2019-09-10 Thread Oliver Freyermuth

Dear Cephalopodians,

I have two questions about RBD mirroring.

1) I can not get it to work - my setup is:

   - One cluster holding the live RBD volumes and snapshots, in pool "rbd", cluster name 
"ceph",
 running latest Mimic.
 I ran "rbd mirror pool enable rbd pool" on that cluster and created a cephx user 
"rbd_mirror" with (is there a better way?):
 ceph auth get-or-create client.rbd_mirror mon 'allow r' osd 'allow 
class-read object_prefix rbd_children, allow pool rbd r' -o 
ceph.client.rbd_mirror.keyring --cluster ceph
 In that pool, two images have the journaling feature activated, all others 
have it disabled still (so I would expect these two to be mirrored).
 
   - Another (empty) cluster running latest Nautilus, cluster name "ceph", pool "rbd".

 I've used the dashboard to activate mirroring for the RBD pool, and then added a peer with 
cluster name "ceph-virt", cephx-ID "rbd_mirror", filled in the mons and key 
created above.
 I've then run:
 ceph auth get-or-create client.rbd_mirror_backup mon 'allow r' osd 'allow 
class-read object_prefix rbd_children, allow pool rbd rwx' -o 
client.rbd_mirror_backup.keyring --cluster ceph
 and deployed that key on the rbd-mirror machine, and started the service 
with:
 systemctl start ceph-rbd-mirror@rbd_mirror_backup.service

  After this, everything looks fine:
   # rbd mirror pool info
 Mode: pool
 Peers:
  UUID NAME  CLIENT
  XXX  ceph-virt client.rbd_mirror

  The service also seems to start fine, but logs show (debug rbd_mirror=20):

  rbd::mirror::ClusterWatcher:0x5575e2a7d390 resolve_peer_config_keys: 
retrieving config-key: pool_id=2, pool_name=rbd, peer_uuid=XXX
  rbd::mirror::Mirror: 0x5575e29c7240 update_pool_replayers: enter
  rbd::mirror::Mirror: 0x5575e29c7240 update_pool_replayers: restarting failed 
pool replayer for uuid: XXX cluster: ceph-virt client: client.rbd_mirror
  rbd::mirror::PoolReplayer: 0x5575e2a7da20 init: replaying for uuid: 
XXX cluster: ceph-virt client: client.rbd_mirror
  rbd::mirror::PoolReplayer: 0x5575e2a7da20 init_rados: error connecting to 
remote peer uuid: XXX cluster: ceph-virt client: client.rbd_mirror: 
(95) Operation not supported
  rbd::mirror::ServiceDaemon: 0x5575e29c8d70 add_or_update_callout: pool_id=2, 
callout_id=2, callout_level=error, text=unable to connect to remote cluster

I already tried storing the ceph.client.rbd_mirror.keyring (i.e. from the 
cluster with the live images) on the rbd-mirror machine explicitly (i.e. not 
only in mon config storage),
and after doing that:
 rbd -m mon_ip_of_ceph_virt_cluster --id=rbd_mirror ls
works fine.

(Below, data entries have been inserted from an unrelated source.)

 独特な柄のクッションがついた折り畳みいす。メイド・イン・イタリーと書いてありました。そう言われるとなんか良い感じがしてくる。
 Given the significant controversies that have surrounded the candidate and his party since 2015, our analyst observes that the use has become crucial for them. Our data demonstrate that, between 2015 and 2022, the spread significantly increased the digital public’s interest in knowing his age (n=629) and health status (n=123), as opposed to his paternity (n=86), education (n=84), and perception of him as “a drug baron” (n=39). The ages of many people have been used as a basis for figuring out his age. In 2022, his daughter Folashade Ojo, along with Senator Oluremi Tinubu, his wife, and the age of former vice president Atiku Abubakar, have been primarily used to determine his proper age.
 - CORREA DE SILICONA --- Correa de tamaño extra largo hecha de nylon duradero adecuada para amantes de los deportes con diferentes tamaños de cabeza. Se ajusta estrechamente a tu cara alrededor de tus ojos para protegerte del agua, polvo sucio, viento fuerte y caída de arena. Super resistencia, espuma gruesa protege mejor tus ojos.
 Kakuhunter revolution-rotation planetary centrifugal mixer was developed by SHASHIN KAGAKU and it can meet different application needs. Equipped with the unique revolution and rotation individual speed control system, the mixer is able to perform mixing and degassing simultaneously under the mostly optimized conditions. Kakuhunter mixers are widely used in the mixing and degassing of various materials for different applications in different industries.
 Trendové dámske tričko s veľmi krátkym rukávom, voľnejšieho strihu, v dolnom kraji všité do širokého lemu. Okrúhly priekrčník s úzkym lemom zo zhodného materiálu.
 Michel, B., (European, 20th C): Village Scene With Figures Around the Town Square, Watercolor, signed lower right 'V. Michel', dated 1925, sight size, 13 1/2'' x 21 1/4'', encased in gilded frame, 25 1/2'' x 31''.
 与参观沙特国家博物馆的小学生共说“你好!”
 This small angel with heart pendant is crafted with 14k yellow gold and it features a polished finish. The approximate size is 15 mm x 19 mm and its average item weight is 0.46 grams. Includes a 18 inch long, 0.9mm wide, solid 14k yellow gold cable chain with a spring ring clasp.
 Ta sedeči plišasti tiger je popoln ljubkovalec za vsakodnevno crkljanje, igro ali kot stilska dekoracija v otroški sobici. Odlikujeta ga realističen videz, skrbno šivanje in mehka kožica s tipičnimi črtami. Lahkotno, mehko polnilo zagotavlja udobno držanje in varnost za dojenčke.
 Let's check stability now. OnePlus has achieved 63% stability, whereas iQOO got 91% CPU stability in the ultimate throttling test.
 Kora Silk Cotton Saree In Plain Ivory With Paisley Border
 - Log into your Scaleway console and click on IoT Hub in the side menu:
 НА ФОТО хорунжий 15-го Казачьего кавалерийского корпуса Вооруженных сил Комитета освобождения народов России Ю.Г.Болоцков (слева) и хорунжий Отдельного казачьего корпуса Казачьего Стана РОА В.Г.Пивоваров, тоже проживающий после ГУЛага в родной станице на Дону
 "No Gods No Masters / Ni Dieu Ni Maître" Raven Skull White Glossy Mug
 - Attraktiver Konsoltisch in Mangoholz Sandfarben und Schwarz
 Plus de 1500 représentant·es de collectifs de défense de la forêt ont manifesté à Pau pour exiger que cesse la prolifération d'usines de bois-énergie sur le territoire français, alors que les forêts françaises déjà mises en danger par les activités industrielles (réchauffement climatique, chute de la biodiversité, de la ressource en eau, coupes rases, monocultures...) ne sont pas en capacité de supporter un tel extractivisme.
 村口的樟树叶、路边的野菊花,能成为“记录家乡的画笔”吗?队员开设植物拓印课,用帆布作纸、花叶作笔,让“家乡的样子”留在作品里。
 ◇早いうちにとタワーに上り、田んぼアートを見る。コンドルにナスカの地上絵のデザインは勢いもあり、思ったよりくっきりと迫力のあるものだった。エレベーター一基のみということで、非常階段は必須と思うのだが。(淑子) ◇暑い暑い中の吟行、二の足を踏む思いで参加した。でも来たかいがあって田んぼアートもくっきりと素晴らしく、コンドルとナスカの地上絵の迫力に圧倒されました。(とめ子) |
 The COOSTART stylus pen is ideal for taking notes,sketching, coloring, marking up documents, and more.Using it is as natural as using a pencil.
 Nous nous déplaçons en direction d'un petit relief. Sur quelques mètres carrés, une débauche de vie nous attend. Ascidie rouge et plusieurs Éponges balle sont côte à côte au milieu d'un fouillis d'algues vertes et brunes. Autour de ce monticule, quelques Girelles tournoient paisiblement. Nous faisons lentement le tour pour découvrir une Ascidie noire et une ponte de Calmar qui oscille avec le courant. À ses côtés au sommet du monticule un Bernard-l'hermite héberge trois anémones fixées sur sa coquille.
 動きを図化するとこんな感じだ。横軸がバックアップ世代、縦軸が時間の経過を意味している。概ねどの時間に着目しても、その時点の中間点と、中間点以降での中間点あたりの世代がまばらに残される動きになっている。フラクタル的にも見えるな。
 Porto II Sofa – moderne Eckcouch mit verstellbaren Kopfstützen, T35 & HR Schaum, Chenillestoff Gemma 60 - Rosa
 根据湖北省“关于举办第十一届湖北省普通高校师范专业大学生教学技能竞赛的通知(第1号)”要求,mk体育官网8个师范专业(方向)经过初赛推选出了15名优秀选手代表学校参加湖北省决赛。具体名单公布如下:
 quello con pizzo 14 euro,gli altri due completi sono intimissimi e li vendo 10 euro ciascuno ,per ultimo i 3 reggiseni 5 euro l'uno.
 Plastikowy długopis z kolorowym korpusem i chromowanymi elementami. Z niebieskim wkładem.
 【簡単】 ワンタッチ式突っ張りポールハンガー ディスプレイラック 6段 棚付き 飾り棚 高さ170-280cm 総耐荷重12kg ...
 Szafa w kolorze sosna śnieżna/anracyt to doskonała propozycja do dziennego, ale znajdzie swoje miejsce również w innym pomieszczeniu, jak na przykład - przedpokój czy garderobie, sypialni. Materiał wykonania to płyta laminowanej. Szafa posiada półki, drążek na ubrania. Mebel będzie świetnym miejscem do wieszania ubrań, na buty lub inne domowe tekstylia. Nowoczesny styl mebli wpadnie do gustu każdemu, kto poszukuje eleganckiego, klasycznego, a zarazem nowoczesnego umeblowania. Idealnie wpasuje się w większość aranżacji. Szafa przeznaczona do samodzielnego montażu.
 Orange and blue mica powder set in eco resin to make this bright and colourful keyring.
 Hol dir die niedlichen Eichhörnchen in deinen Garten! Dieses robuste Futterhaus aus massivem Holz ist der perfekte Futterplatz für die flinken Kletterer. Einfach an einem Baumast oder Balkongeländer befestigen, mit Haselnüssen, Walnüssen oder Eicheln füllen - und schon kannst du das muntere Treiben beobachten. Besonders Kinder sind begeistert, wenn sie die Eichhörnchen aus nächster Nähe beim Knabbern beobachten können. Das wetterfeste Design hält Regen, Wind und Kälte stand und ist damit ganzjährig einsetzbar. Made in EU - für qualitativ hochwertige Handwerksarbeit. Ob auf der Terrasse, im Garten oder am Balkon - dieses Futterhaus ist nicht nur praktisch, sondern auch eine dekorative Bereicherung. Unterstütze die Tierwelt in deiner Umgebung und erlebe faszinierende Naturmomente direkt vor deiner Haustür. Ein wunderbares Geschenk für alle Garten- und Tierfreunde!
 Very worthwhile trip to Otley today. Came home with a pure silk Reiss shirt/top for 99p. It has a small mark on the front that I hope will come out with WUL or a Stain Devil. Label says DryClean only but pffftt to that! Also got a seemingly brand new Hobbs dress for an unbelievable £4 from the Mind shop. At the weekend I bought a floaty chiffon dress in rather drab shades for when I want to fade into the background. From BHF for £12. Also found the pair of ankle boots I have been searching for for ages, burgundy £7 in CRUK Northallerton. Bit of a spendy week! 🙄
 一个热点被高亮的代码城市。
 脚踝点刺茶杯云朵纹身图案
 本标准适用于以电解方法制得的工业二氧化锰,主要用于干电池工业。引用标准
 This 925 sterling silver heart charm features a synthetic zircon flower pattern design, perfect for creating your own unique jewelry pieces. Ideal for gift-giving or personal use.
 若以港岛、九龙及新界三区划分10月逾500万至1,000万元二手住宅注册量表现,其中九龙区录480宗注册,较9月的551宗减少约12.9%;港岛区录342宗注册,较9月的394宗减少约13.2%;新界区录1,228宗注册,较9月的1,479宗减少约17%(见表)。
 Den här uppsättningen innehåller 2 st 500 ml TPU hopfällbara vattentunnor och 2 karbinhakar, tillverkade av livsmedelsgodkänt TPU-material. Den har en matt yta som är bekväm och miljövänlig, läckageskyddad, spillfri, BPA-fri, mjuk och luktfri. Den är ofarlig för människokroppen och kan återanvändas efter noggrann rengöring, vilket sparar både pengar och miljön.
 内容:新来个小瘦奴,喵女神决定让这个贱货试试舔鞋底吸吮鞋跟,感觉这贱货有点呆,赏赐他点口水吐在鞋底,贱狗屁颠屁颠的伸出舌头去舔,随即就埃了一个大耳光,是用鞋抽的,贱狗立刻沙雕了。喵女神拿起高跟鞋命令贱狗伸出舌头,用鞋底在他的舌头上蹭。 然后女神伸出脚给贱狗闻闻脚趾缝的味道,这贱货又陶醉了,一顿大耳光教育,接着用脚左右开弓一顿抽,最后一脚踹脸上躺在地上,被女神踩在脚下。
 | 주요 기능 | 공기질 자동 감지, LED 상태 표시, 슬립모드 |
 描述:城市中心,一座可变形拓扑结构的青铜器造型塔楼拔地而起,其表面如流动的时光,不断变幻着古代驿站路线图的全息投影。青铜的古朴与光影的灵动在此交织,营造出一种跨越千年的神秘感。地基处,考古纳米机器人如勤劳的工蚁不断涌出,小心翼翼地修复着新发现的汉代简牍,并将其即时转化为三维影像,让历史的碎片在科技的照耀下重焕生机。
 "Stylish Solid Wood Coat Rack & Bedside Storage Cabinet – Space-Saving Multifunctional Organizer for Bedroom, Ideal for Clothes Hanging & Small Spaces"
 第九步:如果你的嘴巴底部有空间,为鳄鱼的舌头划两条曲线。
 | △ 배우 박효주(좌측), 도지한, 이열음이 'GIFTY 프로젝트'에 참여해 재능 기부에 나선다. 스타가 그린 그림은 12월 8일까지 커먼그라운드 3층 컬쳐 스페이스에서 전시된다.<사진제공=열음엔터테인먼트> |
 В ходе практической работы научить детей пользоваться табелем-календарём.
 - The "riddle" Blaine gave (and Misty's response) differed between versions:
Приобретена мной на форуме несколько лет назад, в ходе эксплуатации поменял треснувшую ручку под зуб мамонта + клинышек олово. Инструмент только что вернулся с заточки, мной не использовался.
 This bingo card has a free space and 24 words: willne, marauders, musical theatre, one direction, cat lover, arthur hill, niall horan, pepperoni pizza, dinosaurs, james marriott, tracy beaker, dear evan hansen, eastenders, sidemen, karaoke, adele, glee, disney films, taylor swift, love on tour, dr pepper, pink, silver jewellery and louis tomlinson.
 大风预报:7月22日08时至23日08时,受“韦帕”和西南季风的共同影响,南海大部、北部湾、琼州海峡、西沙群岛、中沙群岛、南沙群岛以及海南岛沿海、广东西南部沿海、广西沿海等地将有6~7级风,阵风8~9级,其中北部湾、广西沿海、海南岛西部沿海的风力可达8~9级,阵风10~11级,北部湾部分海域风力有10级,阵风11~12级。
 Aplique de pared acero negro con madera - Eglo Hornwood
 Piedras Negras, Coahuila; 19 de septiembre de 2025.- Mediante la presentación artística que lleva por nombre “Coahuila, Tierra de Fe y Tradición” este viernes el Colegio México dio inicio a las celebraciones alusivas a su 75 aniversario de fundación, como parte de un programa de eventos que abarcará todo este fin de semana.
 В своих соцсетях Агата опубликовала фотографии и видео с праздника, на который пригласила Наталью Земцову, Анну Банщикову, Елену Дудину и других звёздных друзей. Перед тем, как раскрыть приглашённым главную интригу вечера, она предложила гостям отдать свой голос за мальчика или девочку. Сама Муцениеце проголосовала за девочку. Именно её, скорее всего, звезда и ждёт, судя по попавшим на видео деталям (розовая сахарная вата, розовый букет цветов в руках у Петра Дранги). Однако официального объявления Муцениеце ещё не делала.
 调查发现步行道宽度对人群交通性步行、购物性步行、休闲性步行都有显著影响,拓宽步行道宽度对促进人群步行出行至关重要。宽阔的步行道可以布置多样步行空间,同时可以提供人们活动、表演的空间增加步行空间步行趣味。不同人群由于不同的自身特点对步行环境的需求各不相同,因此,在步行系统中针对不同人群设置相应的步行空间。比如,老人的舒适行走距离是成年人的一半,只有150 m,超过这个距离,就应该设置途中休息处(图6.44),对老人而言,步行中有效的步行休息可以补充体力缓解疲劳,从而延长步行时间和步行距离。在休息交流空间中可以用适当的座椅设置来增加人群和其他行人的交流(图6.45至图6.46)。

So it's not a connectivity issue. Maybe a permission issue? Or did 
I miss something?

Any idea what "operation not supported" means?
It's unclear to me whether things should work well using Mimic with Nautilus, 
and enabling pool mirroring but only having journaling on for two images is a 
supported case.

2) Since there is a performance drawback (about 2x) for journaling, is it also 
possible to only mirror snapshots, and leave the live volumes alone?
   This would cover the common backup usecase before deferred mirroring is 
implemented (or is it there already?).

Cheers and thanks in advance,
Oliver



smime.p7s
Description: S/MIME Cryptographic Signature
___
ceph-users mailing list
ceph-users@lists.ceph.com
http://lists.ceph.com/listinfo.cgi/ceph-users-ceph.com


Re: [ceph-users] Ceph RBD Mirroring

2019-09-10 Thread Jason Dillaman
On Tue, Sep 10, 2019 at 12:25 PM Oliver Freyermuth
 wrote:
>
> Dear Cephalopodians,
>
> I have two questions about RBD mirroring.
>
> 1) I can not get it to work - my setup is:
>
> - One cluster holding the live RBD volumes and snapshots, in pool "rbd", 
> cluster name "ceph",
>   running latest Mimic.
>   I ran "rbd mirror pool enable rbd pool" on that cluster and created a 
> cephx user "rbd_mirror" with (is there a better way?):
>   ceph auth get-or-create client.rbd_mirror mon 'allow r' osd 'allow 
> class-read object_prefix rbd_children, allow pool rbd r' -o 
> ceph.client.rbd_mirror.keyring --cluster ceph
>   In that pool, two images have the journaling feature activated, all 
> others have it disabled still (so I would expect these two to be mirrored).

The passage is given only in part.